High technology and big investments required by shale drilling are cutting the number of Canadian companies capable of operating natural gas wells, according to an industry population count by the National Energy Board (NEB).

Since the shale gale of horizontal drilling and hydraulic fracturing spread to Canada eight years ago, the roster of gas operators in Alberta and British Columbia has shrunk by 17% to less than 500 from more than 600.

“Prior to 2009, the majority of companies in western Canada drilled relatively inexpensive vertical gas wells,” the NEB said. Production volume has barely changed in the Western Canada Sedimentary Basin, at a daily average 15.13 Bcf last year, compared to 15.17 Bcf in 2009.

Turning to shale deposits to replace vertical wells that petered out as conventional flowing reserves depleted is changing the industry structure by eliminating small firms or reducing their stature to minority investment partners.

“Modern gas wells are more expensive, since they are deeper, have long horizontal legs, and are stimulated with large applications of hydraulic fracturing. Because these new wells are more costly, smaller operators generally cannot afford to drill new wells,” said the NEB.

As in 2009, less than a dozen well operators account for half of western Canadian gas production. The concentration shows signs of increasing. Seven years ago, 95% of output belonged to 103 firms. As of last year, 81 operators controlled all but 5% of production.

“This suggests that shrinking production from both the largest and smallest operators has been offset by growing production from medium-sized operators,” said the NEB.

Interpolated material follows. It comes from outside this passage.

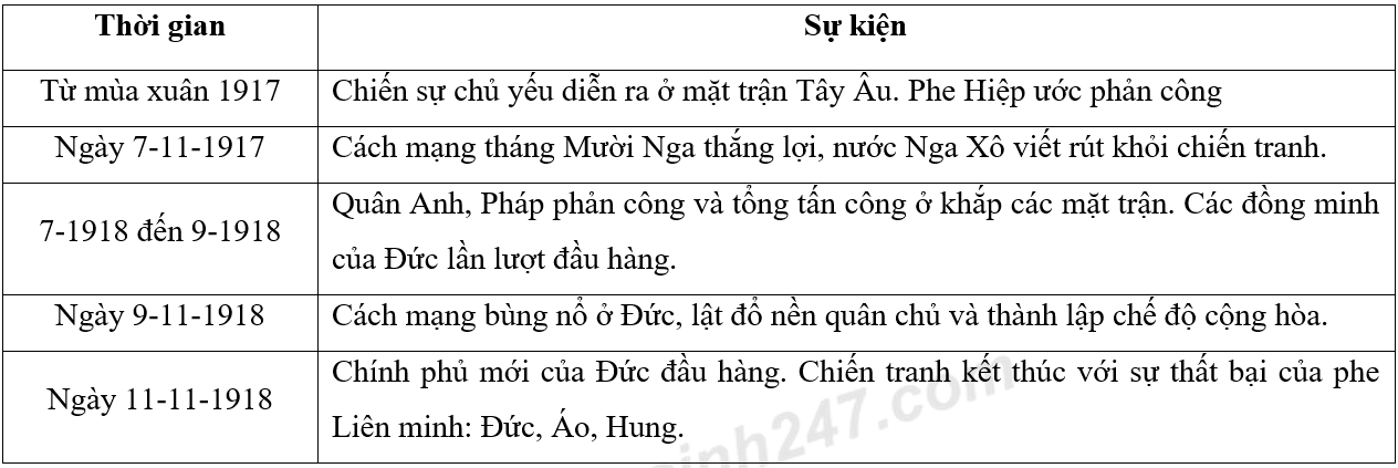 Lập niên biểu diễn biến chính trong giai đoạn thứ hai của Chiến tranh thế giới thứ nhất.

The board points out that the biggest Canadian firms have investment alternatives, led by the northern Alberta oilsands, where project costs dwarf even the biggest shale gas wells.

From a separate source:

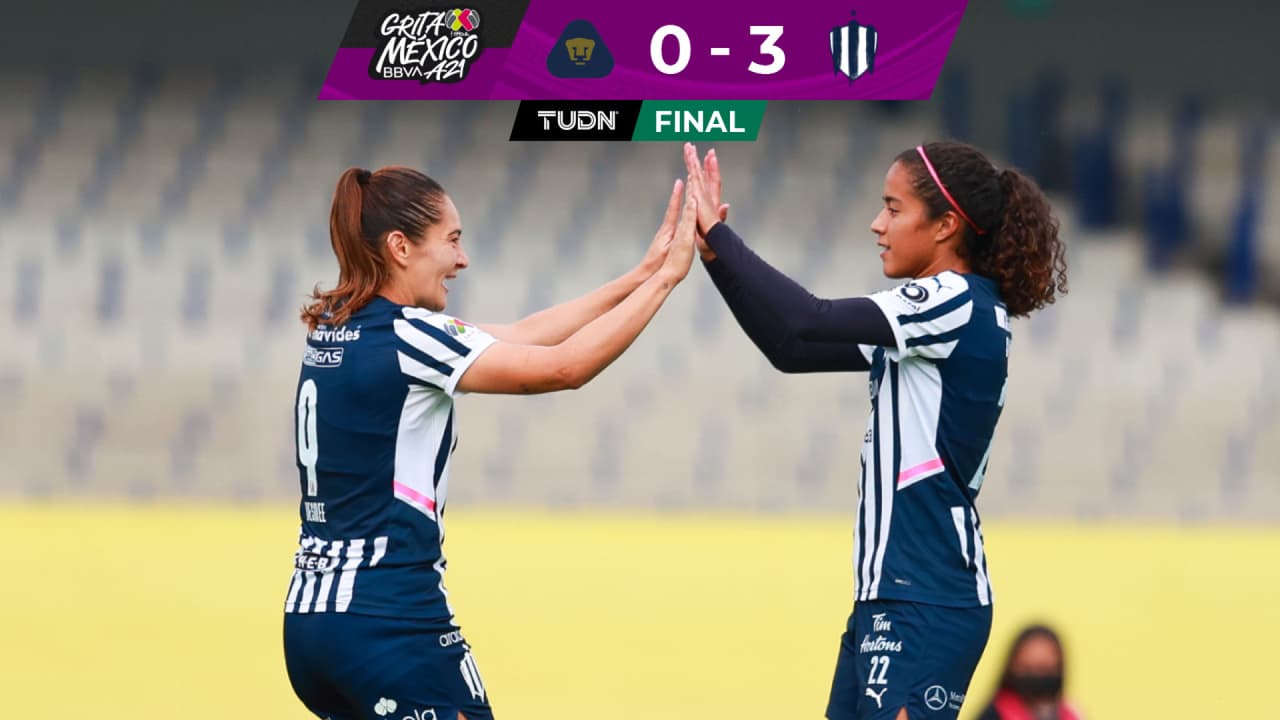 ¡'Asaltaron' CU! Monterrey femenil vence 3-0 a Pumas en Jornada 3

Canadian Natural Resources Ltd. (CNRL), for instance, led the top five gas well operators with 20% of production in 2009. CNRL remains the top gas operator, but the output share slid to 11% as the company concentrated on bitumen mining and upgrading.

The rest of the top five Canadian gas well operators in 2016 were Tourmaline Oil Corp. (6%), ConocoPhillips (5%), Peyto Exploration (5%) and Husky Oil (4%). Oilsands developer Cenovus Energy is signaling intentions in its takeover plans for ConocoPhillips to maintain and possibly expand the gas legacy, partly to cover fuel costs of thermal bitumen extraction.